This page received its last significant update on 2/20/2020

Since then, there have been some significant changes to our strategy, direction, and focus, so statements and recommendations may be outdated and not all examples may work.

If you encounter any inaccuracies, we welcome you to help us improve this page or submit an issue.

# Data Transformation (T)

Transforms in Meltano are implemented by using dbt. All Meltano generated projects have a transform/ directory, which is populated with the required configuration, models, packages, etc in order to run the transformations.

When Meltano elt runs with the --transform run option, the default dbt transformations for the extractor used are run if they are installed; but Meltano will never modify the original source file.

As an example, assume that the following command runs:

meltano elt tap-gitlab target-postgres --transform run

After the Extract and Load steps are successfully completed and data have been extracted from the GitLab API and loaded to a Postgres DB, the dbt transform runs.

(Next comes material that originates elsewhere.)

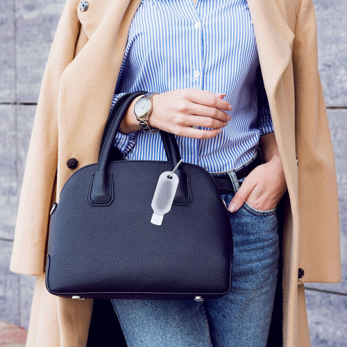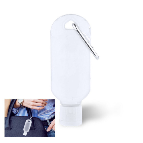 Antybakteryjny żel do rąk w półprzezroczystej buteleczce z dozownikiem z zamknięciem i karabińczykiem (do użytku promocyjnego), roztwór o 65% zawartości alkoholu, 30 ml

Meltano uses the convention that the transform has the same namespace as the extractor it is for. Transforms can be discovered and added to a Meltano project manually:

(venv) $ meltano discover transforms


(venv) $ meltano add transform tap-gitlab
Transform tap-gitlab added to your meltano.yml config
Transform tap-gitlab added to your dbt packages
Transform tap-gitlab added to your dbt_project.yml

Transforms are basically dbt packages that reside in their own repositories. If you want to see in more details how such a package can be defined, you can check the dbt documentation on Package Management and dbt-tap-gitlab, the project used for defining the default transforms for tap-gitlab.

When a transform is added to a project, it is added as a dbt package in transform/packages.yml, enabled in transform/dbt_project.yml, and loaded for usage the next time dbt runs.

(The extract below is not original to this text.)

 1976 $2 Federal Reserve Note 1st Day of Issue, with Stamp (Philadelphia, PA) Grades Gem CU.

The format of the meltano.yml entries for transforms can have additional parameters. For example, the tap-gitlab dbt package requires three variables, which are used for finding the tables where the raw Carbon Intensity data have been loaded during the Extract-Load phase:

- name: tap-gitlab
    entry_table: "{{ env_var('PG_SCHEMA') }}.entry"
    generationmix_table: "{{ env_var('PG_SCHEMA') }}.generationmix"
    region_table: "{{ env_var('PG_SCHEMA') }}.region"

Those entries may follow dbt's syntax in order to fetch values from environment variables. In this case, $PG_SCHEMA must be available in order for the transformations to know in which Postgres schema to find the tables with the Carbon Intensity data. Meltano uses $PG_SCHEMA by default as it is the same default schema also used by the Postgres Loader.

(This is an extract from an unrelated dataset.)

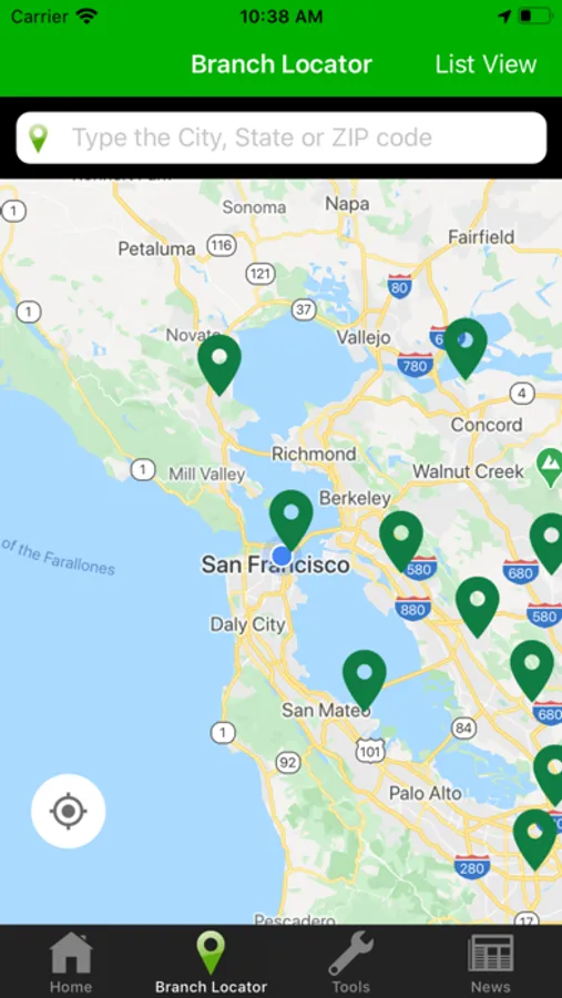 •Search by city, state or ZIP to find the nearest branch within a 25 mile radius

You can keep those parameters as they are and provide the schema as an environment variable or set the schema manually in meltano.yml:

- name: tap-gitlab
    entry_table: "my_raw_schema.entry"
    generationmix_table: "my_raw_schema.generationmix"
    region_table: "my_raw_schema.region"

When Meltano runs a new transformation, transform/dbt_project.yml is always kept up to date with whatever is provided in meltano.yml.

Finally, dbt can be configured by updating transform/profile/profiles.yml. By default, Meltano sets up dbt to use the same database and user as the Postgres Loader and store the results of the transformations in the analytics schema.